Recorded data —
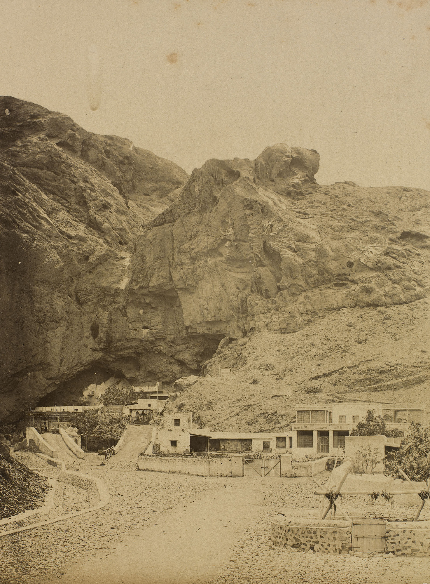 Photograph of Aden, the Roosaf Valley. A large overhang and backdrop of rock with a well at right foreground. A ditch/trench at left foreground. A building within a low walled compound, two covered wells at end of inclined ramps. Trees and buildings behind.
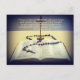 Idémeddelande: Proverbs 3:5-6 övertäckning med bibel, kor och rosary.
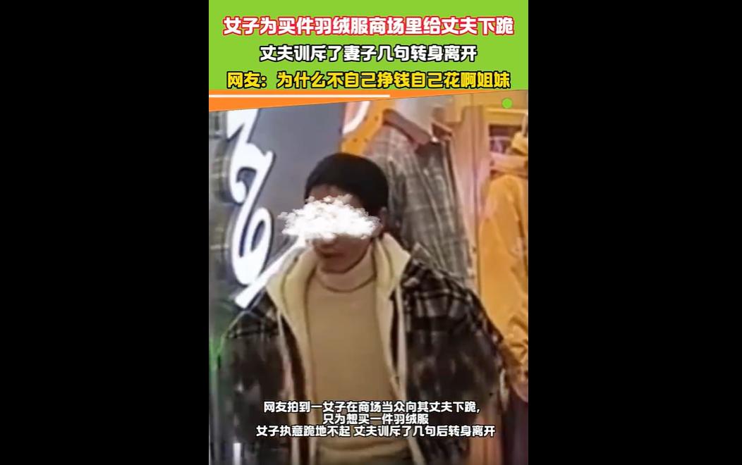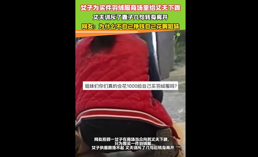 2025 年 12 月 2 日,湖北孝感某商场,一女子为买 299 元羽绒服向丈夫下跪哀求,丈夫拒绝训斥后离开。 女子穿旧衣、丈夫衣着体面,引发热议。 网友有人疑摆拍(299 元易买、行为反常),指摆拍或违法;有人猜女子是全职主妇,经济依附没话语权,还讨论家务无酬致地位低,强调经济自主权 = 婚姻平等权,无论真假都揭示危险关系模式。 这事不管是真的还是摆拍,都挺让人不舒服的。 要是真的,为件 299 元的羽绒服下跪,也太没尊严了,说到底还是经济不独立闹的,伸手要钱哪有话语权? 要是摆拍,为了博流量编这事儿,消耗大家善意,还可能违法,太不地道。 网友说 “经济自主权 = 婚姻平等权” 特别对,不管男女,手里有钱腰杆才硬。 就算是全职主妇,家务劳动也该被认可,不能因为没挣钱就没地位。健康的婚姻哪用得着下跪要东西? 互相尊重、双向奔赴才对。希望不管真假,都能让更多人明白,尊严比啥都重要。
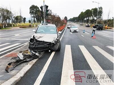 接到報警后,民警立即趕赴現場,發現一臺起亞轎車被逆向撞停在渝江大道快車道上,右側車身損毀嚴重,車內右側安全氣囊全開,右前輪轂安全碎裂,而另一臺大眾高爾夫轎車被逆向撞停在道路中央二次過街安全島上,車內前排安全氣囊全開,車頭幾乎被撞沒了,幾近報廢。
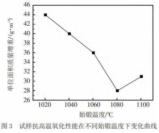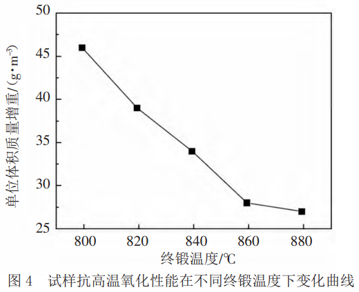 试样抗高温氧化性能在不同终锻温度下变化曲线如图4所示,从图4中可以看出,终锻温度最小值为800℃,最大值为880℃,对于新型钛合金而言,其单位面积质量增重最小值为27g.m-2,最大值为46g.m-2,整体呈现不断降低的趋势。该试样抗高温氧化性能会随着单位面积质量增重的不断上升而呈现上升趋势。
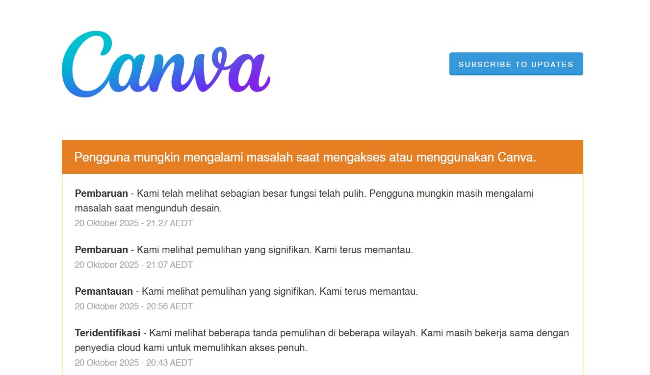Sekitar pukul 17.43 WIB (20.43 AEDT), Canva mulai melaporkan adanya tanda-tanda pemulihan di beberapa wilayah. “Kami melihat beberapa tanda pemulihan di beberapa wilayah dan terus bekerja sama dengan penyedia cloud kami untuk memulihkan akses penuh,” tulis perusahaan dalam pembaruannya.
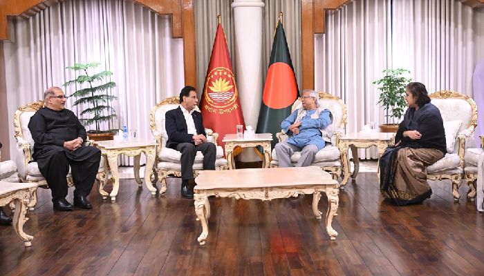 রাষ্ট্রীয় অতিথি ভবন যমুনায় প্রধান উপদেষ্টা মুহাম্মদ ইউনূসের সঙ্গে পাকিস্তানের জাতীয় পরিষদের স্পিকার সরদার আয়াজ সাদিকের সৌজন্য সাক্ষাৎ। ছবি: পিআইডি
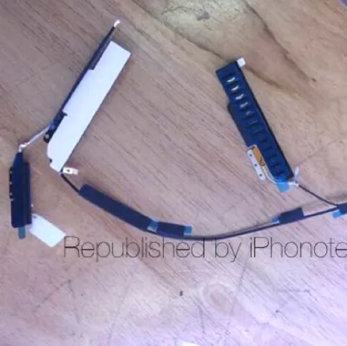 Nelle immagini che riportiamo in calce in questo articolo è possibile osservare un lungo cavo con tre appendici collegate: questo elemento potrebbe essere il sistema di comunicazioni wireless integrato in iPad Air 2. La lunga parte centrale sembra essere l’antenna Wi-Fi mentre l’elemento più piccolo a sinistra sembra l’antenna GPS. Quest’ultima insieme a una piattina forse destinata al microfono, in cui appare il logo Apple, appaiono anche singolarmente nelle foto più in basso. Ricordiamo che nelle scorse ore è circolata l’anticipazione del possibile raddoppio della RAM da 1 GB a 2 GB sempre per il nuovo iPad Air 2.
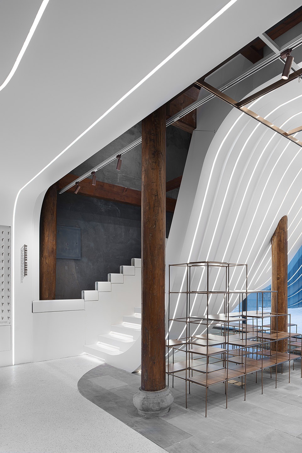设计团队拆除冗杂的墙体,将原有的木结构和墙体等材料简单的暴露出来,在梁柱间置入犹如跃动的浪头翻涌的连续白色曲面,将设备管线、强弱电线路等隐藏其中,让视线可及处变得更加纯粹简约。

Task instructions —
Leave out the pictures. Transcribe only the lines above, from the first through the one that contains "রাষ্ট্রীয় অতিথি ভবন".

Result of the task —
 Photograph of Aden, the Roosaf Valley. A large overhang and backdrop of rock with a well at right foreground. A ditch/trench at left foreground. A building within a low walled compound, two covered wells at end of inclined ramps. Trees and buildings behind.
 Idémeddelande: Proverbs 3:5-6 övertäckning med bibel, kor och rosary.
 2025 年 12 月 2 日,湖北孝感某商场,一女子为买 299 元羽绒服向丈夫下跪哀求,丈夫拒绝训斥后离开。 女子穿旧衣、丈夫衣着体面,引发热议。 网友有人疑摆拍(299 元易买、行为反常),指摆拍或违法;有人猜女子是全职主妇,经济依附没话语权,还讨论家务无酬致地位低,强调经济自主权 = 婚姻平等权,无论真假都揭示危险关系模式。 这事不管是真的还是摆拍,都挺让人不舒服的。 要是真的,为件 299 元的羽绒服下跪,也太没尊严了,说到底还是经济不独立闹的,伸手要钱哪有话语权? 要是摆拍,为了博流量编这事儿,消耗大家善意,还可能违法,太不地道。 网友说 “经济自主权 = 婚姻平等权” 特别对,不管男女,手里有钱腰杆才硬。 就算是全职主妇,家务劳动也该被认可,不能因为没挣钱就没地位。健康的婚姻哪用得着下跪要东西? 互相尊重、双向奔赴才对。希望不管真假,都能让更多人明白,尊严比啥都重要。
 接到報警后,民警立即趕赴現場,發現一臺起亞轎車被逆向撞停在渝江大道快車道上,右側車身損毀嚴重,車內右側安全氣囊全開,右前輪轂安全碎裂,而另一臺大眾高爾夫轎車被逆向撞停在道路中央二次過街安全島上,車內前排安全氣囊全開,車頭幾乎被撞沒了,幾近報廢。
 试样抗高温氧化性能在不同终锻温度下变化曲线如图4所示,从图4中可以看出,终锻温度最小值为800℃,最大值为880℃,对于新型钛合金而言,其单位面积质量增重最小值为27g.m-2,最大值为46g.m-2,整体呈现不断降低的趋势。该试样抗高温氧化性能会随着单位面积质量增重的不断上升而呈现上升趋势。
Sekitar pukul 17.43 WIB (20.43 AEDT), Canva mulai melaporkan adanya tanda-tanda pemulihan di beberapa wilayah. “Kami melihat beberapa tanda pemulihan di beberapa wilayah dan terus bekerja sama dengan penyedia cloud kami untuk memulihkan akses penuh,” tulis perusahaan dalam pembaruannya.
 রাষ্ট্রীয় অতিথি ভবন যমুনায় প্রধান উপদেষ্টা মুহাম্মদ ইউনূসের সঙ্গে পাকিস্তানের জাতীয় পরিষদের স্পিকার সরদার আয়াজ সাদিকের সৌজন্য সাক্ষাৎ। ছবি: পিআইডি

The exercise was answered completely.